Records shown »

%%

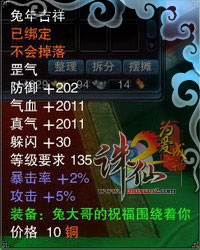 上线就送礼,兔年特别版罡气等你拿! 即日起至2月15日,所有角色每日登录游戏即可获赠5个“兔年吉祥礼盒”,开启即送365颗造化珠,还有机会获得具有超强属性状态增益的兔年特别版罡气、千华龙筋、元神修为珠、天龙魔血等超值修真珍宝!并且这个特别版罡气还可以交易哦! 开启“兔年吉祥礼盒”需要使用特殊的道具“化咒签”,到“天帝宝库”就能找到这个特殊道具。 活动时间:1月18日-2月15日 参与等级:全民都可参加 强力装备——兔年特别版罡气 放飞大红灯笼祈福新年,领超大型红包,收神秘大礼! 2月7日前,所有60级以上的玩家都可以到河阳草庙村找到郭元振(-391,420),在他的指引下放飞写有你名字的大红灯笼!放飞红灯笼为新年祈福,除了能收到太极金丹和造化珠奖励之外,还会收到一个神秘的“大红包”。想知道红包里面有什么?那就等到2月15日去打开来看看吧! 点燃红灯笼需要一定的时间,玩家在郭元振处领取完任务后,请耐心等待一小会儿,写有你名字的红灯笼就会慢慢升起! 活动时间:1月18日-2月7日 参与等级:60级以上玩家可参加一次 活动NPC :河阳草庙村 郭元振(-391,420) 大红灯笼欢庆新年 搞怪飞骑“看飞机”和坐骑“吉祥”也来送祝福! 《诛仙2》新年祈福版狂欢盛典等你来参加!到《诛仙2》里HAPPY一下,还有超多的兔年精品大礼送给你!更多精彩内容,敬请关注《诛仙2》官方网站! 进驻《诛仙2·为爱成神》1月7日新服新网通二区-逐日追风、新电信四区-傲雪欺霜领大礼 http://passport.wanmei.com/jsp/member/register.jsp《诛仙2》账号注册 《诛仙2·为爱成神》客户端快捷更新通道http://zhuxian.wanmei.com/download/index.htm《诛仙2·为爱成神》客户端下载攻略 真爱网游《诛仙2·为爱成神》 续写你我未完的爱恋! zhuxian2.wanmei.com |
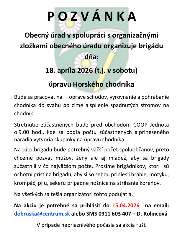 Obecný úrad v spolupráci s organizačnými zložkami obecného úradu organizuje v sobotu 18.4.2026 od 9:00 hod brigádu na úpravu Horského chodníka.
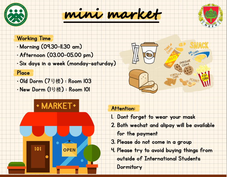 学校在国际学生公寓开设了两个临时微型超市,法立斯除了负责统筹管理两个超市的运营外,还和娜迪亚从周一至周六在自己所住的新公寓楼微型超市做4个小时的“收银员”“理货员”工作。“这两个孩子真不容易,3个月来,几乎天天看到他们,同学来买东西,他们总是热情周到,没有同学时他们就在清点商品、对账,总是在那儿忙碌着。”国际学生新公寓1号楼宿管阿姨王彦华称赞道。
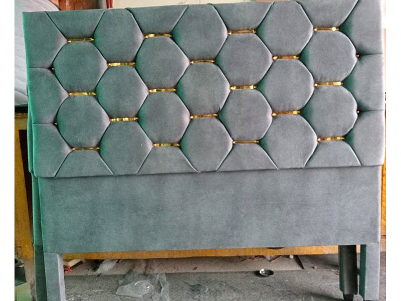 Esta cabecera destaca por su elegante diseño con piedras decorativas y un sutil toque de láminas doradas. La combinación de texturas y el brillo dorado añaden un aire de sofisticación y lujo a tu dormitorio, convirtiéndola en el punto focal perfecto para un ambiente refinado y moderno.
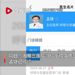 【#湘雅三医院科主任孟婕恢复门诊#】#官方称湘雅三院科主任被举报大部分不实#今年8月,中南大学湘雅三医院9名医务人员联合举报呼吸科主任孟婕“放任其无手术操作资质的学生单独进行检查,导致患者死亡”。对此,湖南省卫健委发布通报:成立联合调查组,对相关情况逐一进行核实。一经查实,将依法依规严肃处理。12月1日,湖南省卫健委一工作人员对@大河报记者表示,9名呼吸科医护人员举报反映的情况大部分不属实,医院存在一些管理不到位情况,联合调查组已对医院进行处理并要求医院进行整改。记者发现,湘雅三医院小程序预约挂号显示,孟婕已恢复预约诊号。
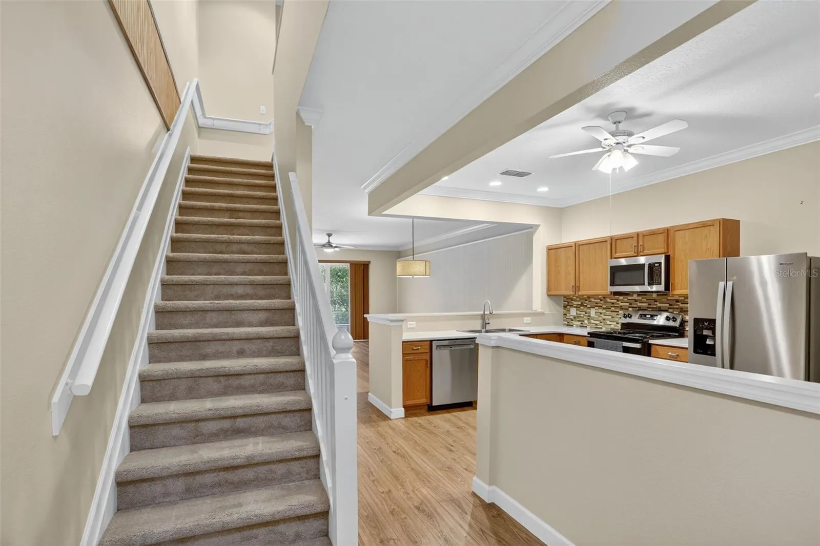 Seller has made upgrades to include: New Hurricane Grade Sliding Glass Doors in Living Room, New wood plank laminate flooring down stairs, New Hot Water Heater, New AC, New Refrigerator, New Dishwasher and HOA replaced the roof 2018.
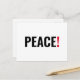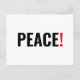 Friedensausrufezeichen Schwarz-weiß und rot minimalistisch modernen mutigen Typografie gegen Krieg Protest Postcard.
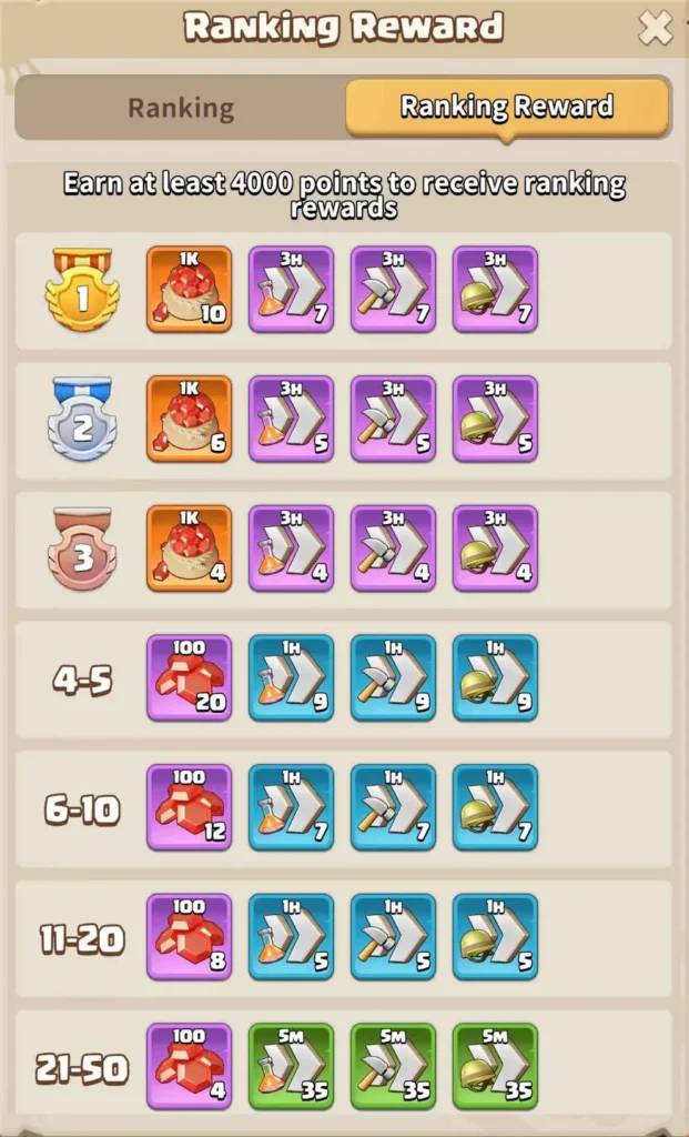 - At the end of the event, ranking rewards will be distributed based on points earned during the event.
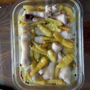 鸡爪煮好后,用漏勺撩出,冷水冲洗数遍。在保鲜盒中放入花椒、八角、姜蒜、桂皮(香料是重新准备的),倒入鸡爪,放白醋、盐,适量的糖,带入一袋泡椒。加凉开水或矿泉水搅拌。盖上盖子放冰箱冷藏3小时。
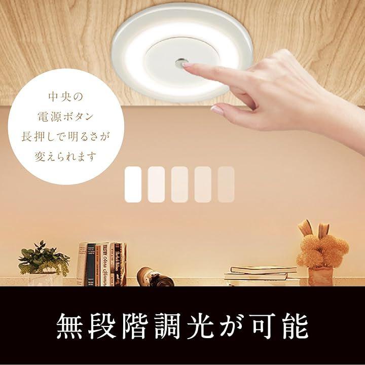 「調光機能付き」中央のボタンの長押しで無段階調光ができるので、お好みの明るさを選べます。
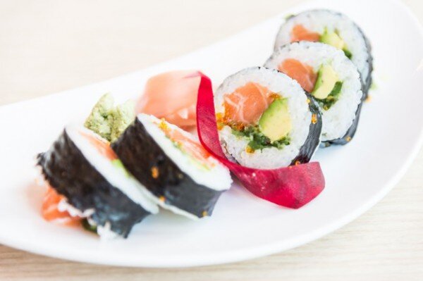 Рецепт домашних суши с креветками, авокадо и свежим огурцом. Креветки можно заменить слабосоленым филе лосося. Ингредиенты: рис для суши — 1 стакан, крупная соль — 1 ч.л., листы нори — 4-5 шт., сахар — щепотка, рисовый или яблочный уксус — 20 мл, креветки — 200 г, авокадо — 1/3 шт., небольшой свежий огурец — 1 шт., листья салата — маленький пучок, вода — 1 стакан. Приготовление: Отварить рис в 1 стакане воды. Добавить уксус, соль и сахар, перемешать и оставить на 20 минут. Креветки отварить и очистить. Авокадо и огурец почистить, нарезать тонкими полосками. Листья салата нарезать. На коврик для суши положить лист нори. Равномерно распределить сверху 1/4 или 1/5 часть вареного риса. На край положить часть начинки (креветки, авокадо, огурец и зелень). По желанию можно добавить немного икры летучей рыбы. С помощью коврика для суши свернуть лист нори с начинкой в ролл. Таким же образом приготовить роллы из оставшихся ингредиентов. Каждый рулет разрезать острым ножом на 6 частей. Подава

%%
%%

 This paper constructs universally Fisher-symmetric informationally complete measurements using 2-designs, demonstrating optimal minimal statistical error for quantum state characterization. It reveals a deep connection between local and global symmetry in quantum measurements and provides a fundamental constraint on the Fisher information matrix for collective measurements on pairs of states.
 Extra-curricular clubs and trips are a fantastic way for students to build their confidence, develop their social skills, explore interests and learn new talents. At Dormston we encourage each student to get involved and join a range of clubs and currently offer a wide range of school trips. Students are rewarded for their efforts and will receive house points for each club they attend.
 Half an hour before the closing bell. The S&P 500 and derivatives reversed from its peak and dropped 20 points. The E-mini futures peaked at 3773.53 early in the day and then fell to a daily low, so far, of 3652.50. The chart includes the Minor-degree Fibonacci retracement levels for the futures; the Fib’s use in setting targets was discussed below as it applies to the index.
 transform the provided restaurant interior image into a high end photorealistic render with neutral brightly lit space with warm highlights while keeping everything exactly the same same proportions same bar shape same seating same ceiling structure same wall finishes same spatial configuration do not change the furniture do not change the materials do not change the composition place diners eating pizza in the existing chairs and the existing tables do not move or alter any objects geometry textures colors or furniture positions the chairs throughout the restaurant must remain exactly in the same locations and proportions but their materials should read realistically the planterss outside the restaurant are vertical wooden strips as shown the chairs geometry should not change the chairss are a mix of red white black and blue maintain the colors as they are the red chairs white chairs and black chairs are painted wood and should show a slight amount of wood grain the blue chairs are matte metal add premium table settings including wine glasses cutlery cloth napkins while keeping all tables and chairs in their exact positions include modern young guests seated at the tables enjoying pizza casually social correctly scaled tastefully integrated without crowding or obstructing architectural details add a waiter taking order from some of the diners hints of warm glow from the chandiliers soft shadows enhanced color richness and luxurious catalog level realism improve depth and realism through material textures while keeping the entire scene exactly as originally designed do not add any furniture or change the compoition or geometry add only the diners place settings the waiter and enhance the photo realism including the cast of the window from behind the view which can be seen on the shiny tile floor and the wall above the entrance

%%
%%

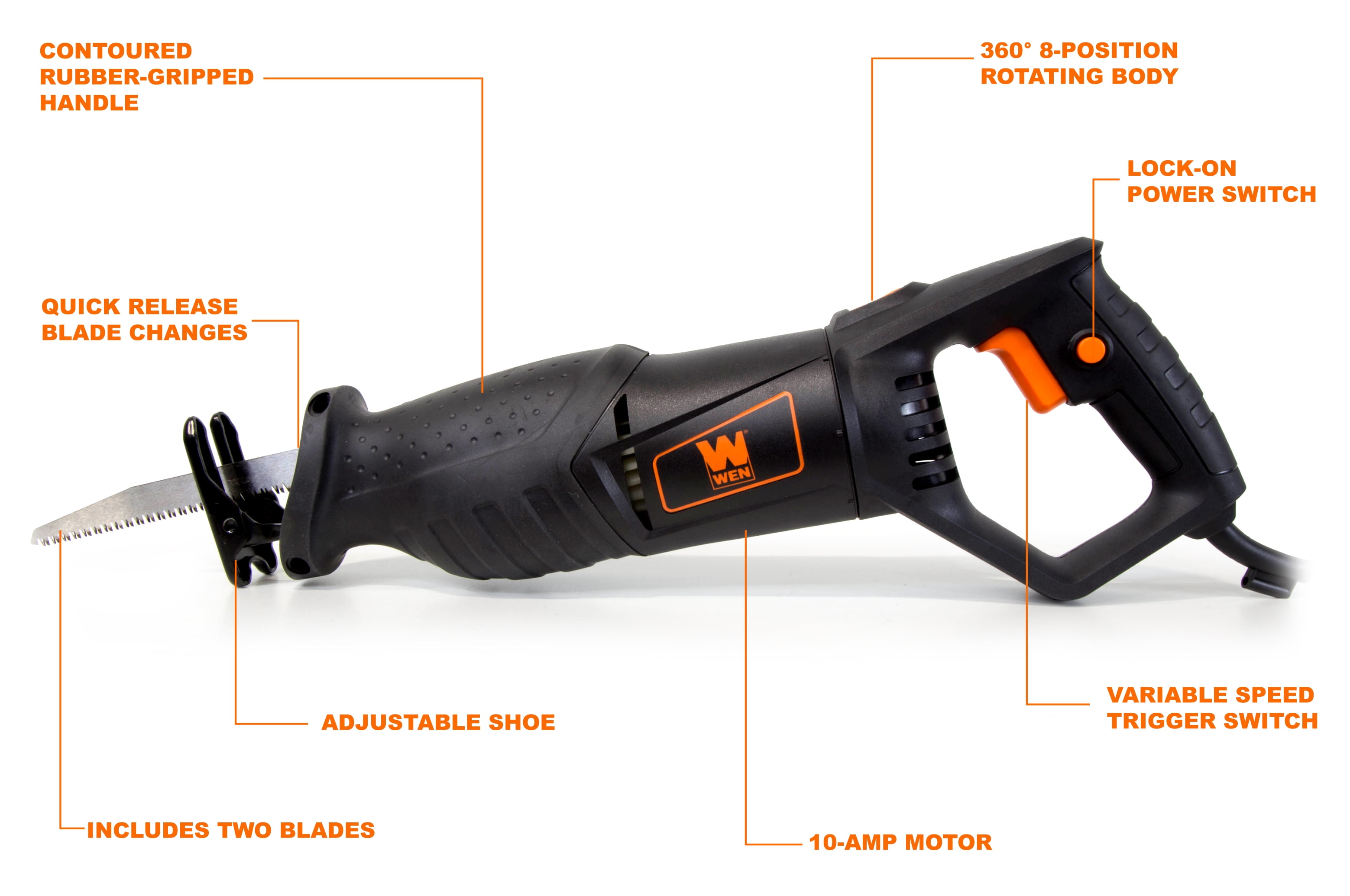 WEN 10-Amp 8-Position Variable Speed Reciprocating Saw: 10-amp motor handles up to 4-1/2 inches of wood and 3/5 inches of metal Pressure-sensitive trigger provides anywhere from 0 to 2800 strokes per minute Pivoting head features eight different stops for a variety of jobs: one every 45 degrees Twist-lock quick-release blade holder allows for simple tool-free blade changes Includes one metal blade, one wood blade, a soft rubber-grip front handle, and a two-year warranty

%%

What is required » Please, from the material above, copy only the lines from the line with "This paper constructs" up to and including the line with "Extra-curricular clubs and", exactly as written.

Written answer »
 This paper constructs universally Fisher-symmetric informationally complete measurements using 2-designs, demonstrating optimal minimal statistical error for quantum state characterization. It reveals a deep connection between local and global symmetry in quantum measurements and provides a fundamental constraint on the Fisher information matrix for collective measurements on pairs of states.
 Extra-curricular clubs and trips are a fantastic way for students to build their confidence, develop their social skills, explore interests and learn new talents. At Dormston we encourage each student to get involved and join a range of clubs and currently offer a wide range of school trips. Students are rewarded for their efforts and will receive house points for each club they attend.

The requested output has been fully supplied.